The airport was badly damaged and came under renewed rocket fire on Sunday morning.
An airport source said the passenger halls and two civilian planes sustained serious damage.
Images of an aircraft with its fuselage ripped open and of a badly damaged runway and airport buildings were posted on social media.
Libya's National Oil Corporation (NOC) said onSaturday that rockets and missiles hit a fuel depot at the airport, destroying four tanks and damaging six others.
The United Nations Support Mission in Libya (UNSMIL) called the bombardment "an all too familiar but frightening spectacle".
"These horrifying attacks occur on a regular basis in close proximity to civilian neighbourhoods," UNSMIL said on Twitter.
It called the shelling "one in a series of indiscriminate attacks, most of which are attributable to pro-LNA [Haftar] forces, killing more than 15 and injuring 50 civilians since 1 May".
'Weakness and desperation'
Since Wednesday, 17 civilians and two police officers have been killed and more than 66 other civilians wounded in rocket fire targeting several areas of the capital, according to the GNA.

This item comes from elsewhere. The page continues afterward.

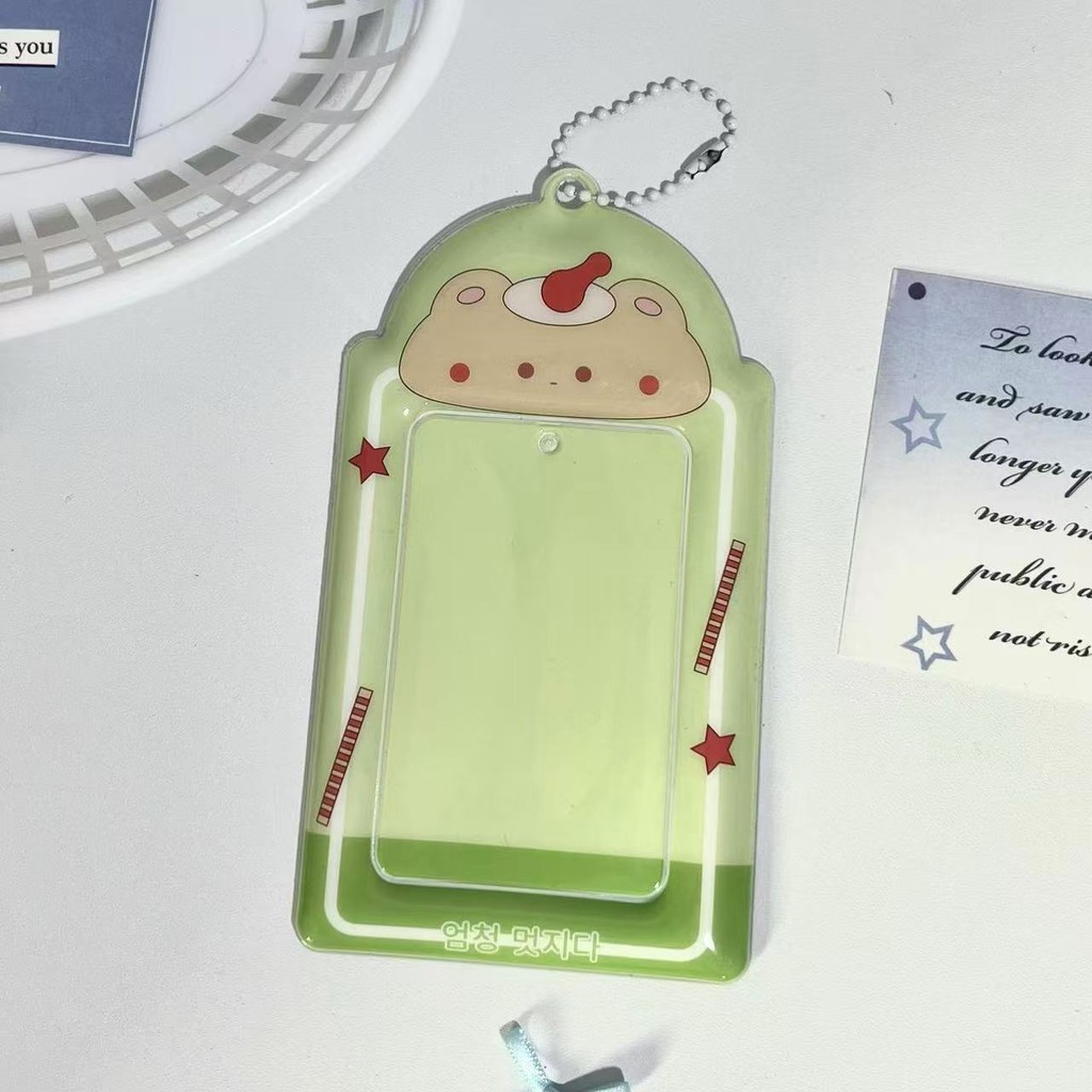 Verde Dos Desenhos Animados PVC Titular Do Cartão Pequeno De Refeição Arco Armazenamento Display Pingente 3 Polegada

UNSMIL slammed the attacks hitting civilians and civilian infrastructure and called for "those responsible for crimes under international law to be brought to justice".
But the GNA said international condemnation was not enough.
"We no longer pay any attention to the timid condemnations of the international community, incapable as it is of naming" Haftar, holding him to account or stopping those supporting him, the GNA said.
"The senseless acts... of the past days... are proof of his weakness and desperation after the successive defeats of his militias and mercenaries," it added.
Haftar's forces have suffered several setbacks in recent weeks, with GNA fighters ousting them from two key coastal cities west of Tripoli in April.
Backed by Turkey, GNA troops now surround the LNA's main rear base at Tarhuna, 80 kilometres southeast of the capital.
Foreign military involvement in Libya has exacerbated the conflict, with the United Arab Emirates and Russia backing Haftar and Ankara supplying the GNA.
World leaders at a Berlin meeting in January committed to ending foreign meddling and to upholding a 2011 weapons embargo, but the UN has warned that both sides have continued to receive arms and fighters.